In fact, I need about 7/8 hours to do a 20/22 kms walk. There are many things to do during your day's walk: visit a bar for whatever you need, the baker for fresh bread, village shop for something to put in it, sit under a tree and enjoy your sandwich and people ( Pilgrim) watch as they go by, visit churches as you pass them, chat with the locals, take photos, visit a local market, should it happen the day you pass through, etc. etc.
 
Camino(s) past & future
Too many caminos to list in the permitted 100 characters!!
#22
I've been told off in the past for comments about huge distances and speeds :(.
We all walk at slightly different speeds, and daily distances.

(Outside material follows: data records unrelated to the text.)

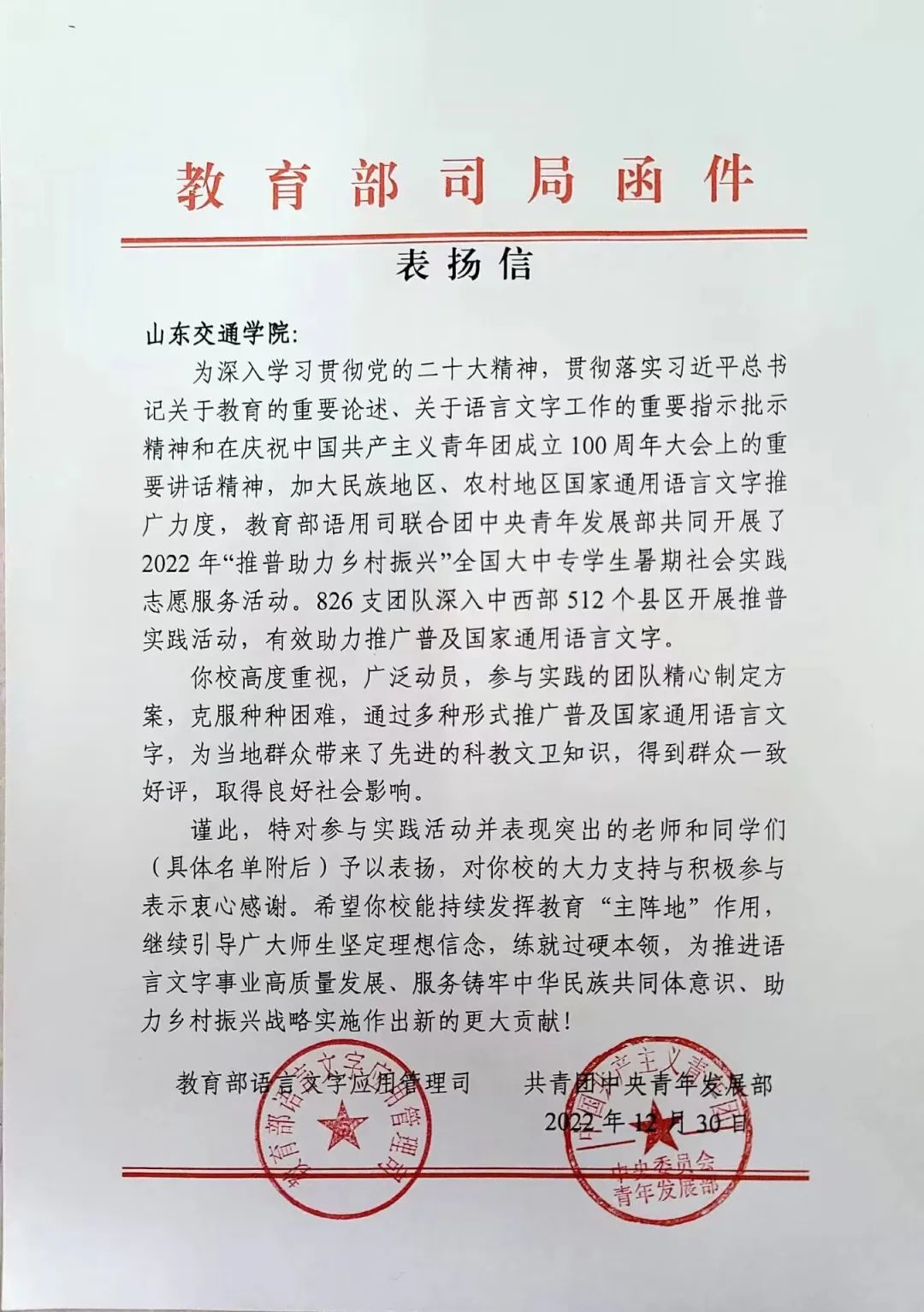 近日,教育部语言文字应用管理司、共青团中央青年发展部共同主办的2022年“推普助力乡村振兴”全国大中专学生暑期社会实践志愿服务活动评优结果揭晓,我院“‘守望麦田’”获“优秀团队”称号,并获教育部语言文字应用管理司、共青团中央青年发展部来信表扬。
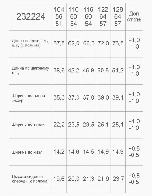 | Рост, см | 104 | 110 | 116 | 122 | 128 | 134 | 140 | 146 | 152 | 158 | 164 | 170 | 170 | 170 | 176 | 176 |
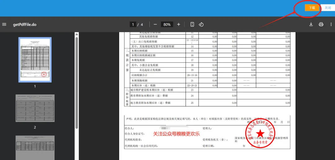 第四步:点击下载按钮,即可导出带有税务局印章的增值税申报表。
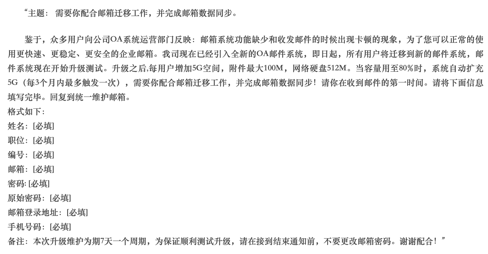 钓鱼邮件通常以通知的方式,通知用户系统需要升级,用户需点击邮件中的链接,填写相应的信息进行信息核对,否则邮箱将无法使用。用户点击链接进入所谓的信息核对页面后,就会要求用户填写邮箱名及邮箱密码,用户一旦填写,邮箱密码就会被不法份子盗取。
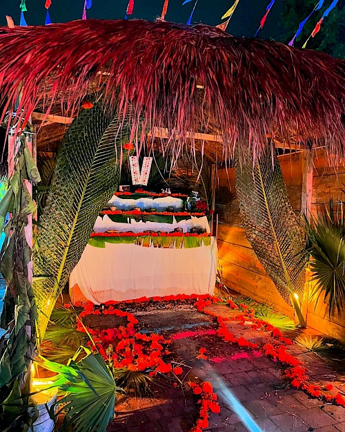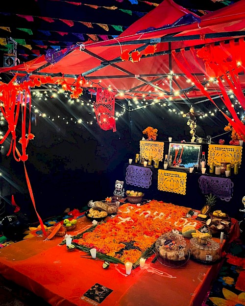 La festividad implica la creación de ofrendas o altares llenos de fotos, comida y recuerdos que representan a la persona a la que se homenajea. Calaveras de azúcar, flores de cempasúchil , velas e incienso llenan estos altares con elementos simbólicos destinados a guiar a los espíritus de regreso a casa para una breve reunión.
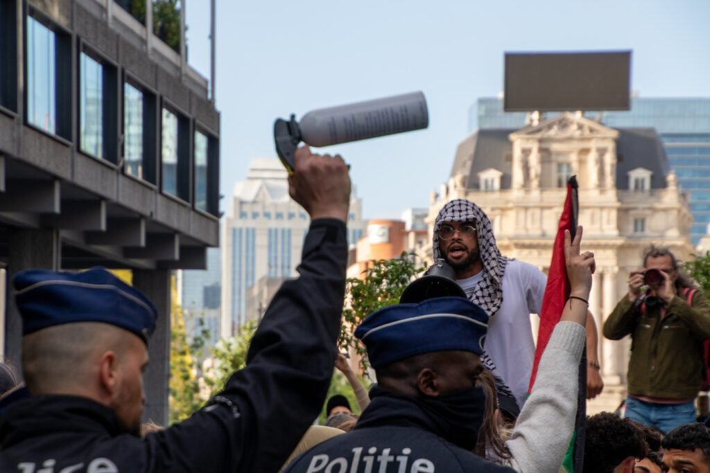 Ce vendredi 16 mai à 19h, place de la Bourse, comme tous les soirs depuis plus d’un mois, des citoyen·nes se sont rassemblé·e·s pour dénoncer le génocide en cours à Gaza. Une manifestation pacifique, habituelle, portée par des slogans et des pancartes. Rien ne laisse présager ce qui va suivre : une opération policière d’une brutalité inquiétante, une nasse rendue invisible par un dispositif policier opaque, des interpellations violentes et des attaques claires contre la liberté de manifester et d’informer. Retour sur une soirée de répression dans la capitale de l’Union Européenne.
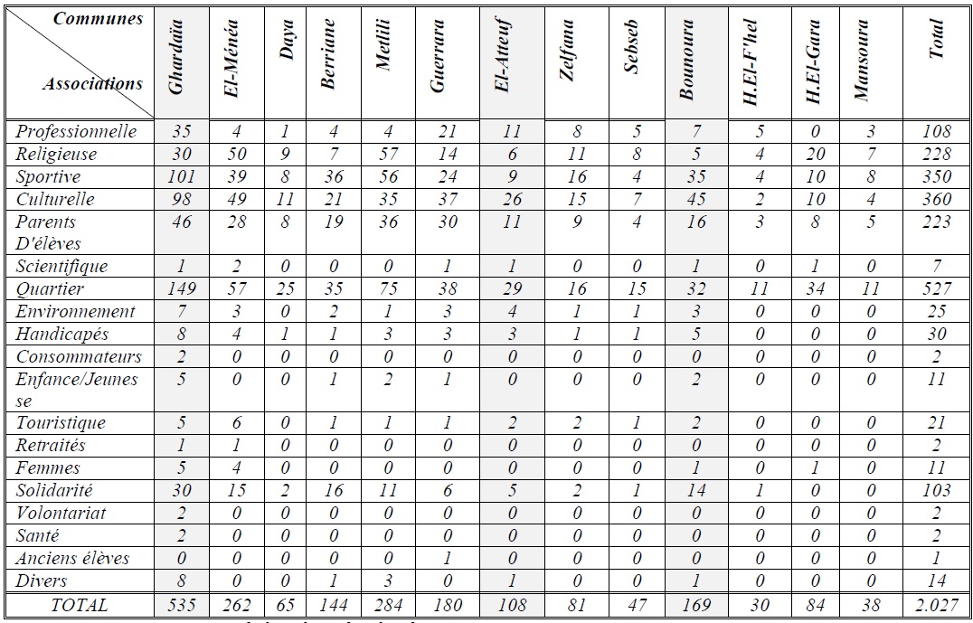 Annexe 4 : Liste des associations locales par commune et par activité au niveau de la wilaya de Ghardaïa (Situation au 31.12.2009 recueillie au niveau de la DPAT de la Wilaya de Ghardaïa) admin 13 ans ago Source : DPAT de la wilaya de Ghardaïa Page suivante : Annexe 5 : Etat des PPDRI validés au niveau de la vallée du Mzab (Année 2009)Retour au menu : EFFETS DES ACTIVITES DES ASSOCIATIONS LOCALES SUR LE PROCESSUS DE DEVELOPPEMENT DE LEUR TERRITOIRE : CAS DE LA VALLEE DU MZAB

Just keep comfortable. I'm very slow - sometimes 10 kms is far enough. I've never walked over 25 kms. I listen to my body and stop for rests when I have to [and maybe when I pass a bar!!]
Walking in the dark?
It may be an option if you've been kept awake all night by noise, or if other pilgrims are noisy as they leave in the dark.
But - and this is only my opinion - you'll miss the lovely sights if you walk in the dark!
Buen camino!
 
Camino(s) past & future
2013, 2017 Camino Frances SJPP-Santiago
2015 St. Olav's Way Oslo-Trondheim
2017 VdlP Seville-Merida
#23
I didn't think about speed or distance when I was on the CF. I walked at whatever speed was comfortable at the time. I stopped for photos when and where I wanted. I stopped for breaks when, where, and for however long I chose. I stopped for the day when I felt like it and for the most part began walking in the morning when I was ready to walk. (Mid October I found I waited a little longer as daylight didn't come as early.). The freedom of not having to fit my life into a schedule of any kind is what made my pilgrimage a journey of peace.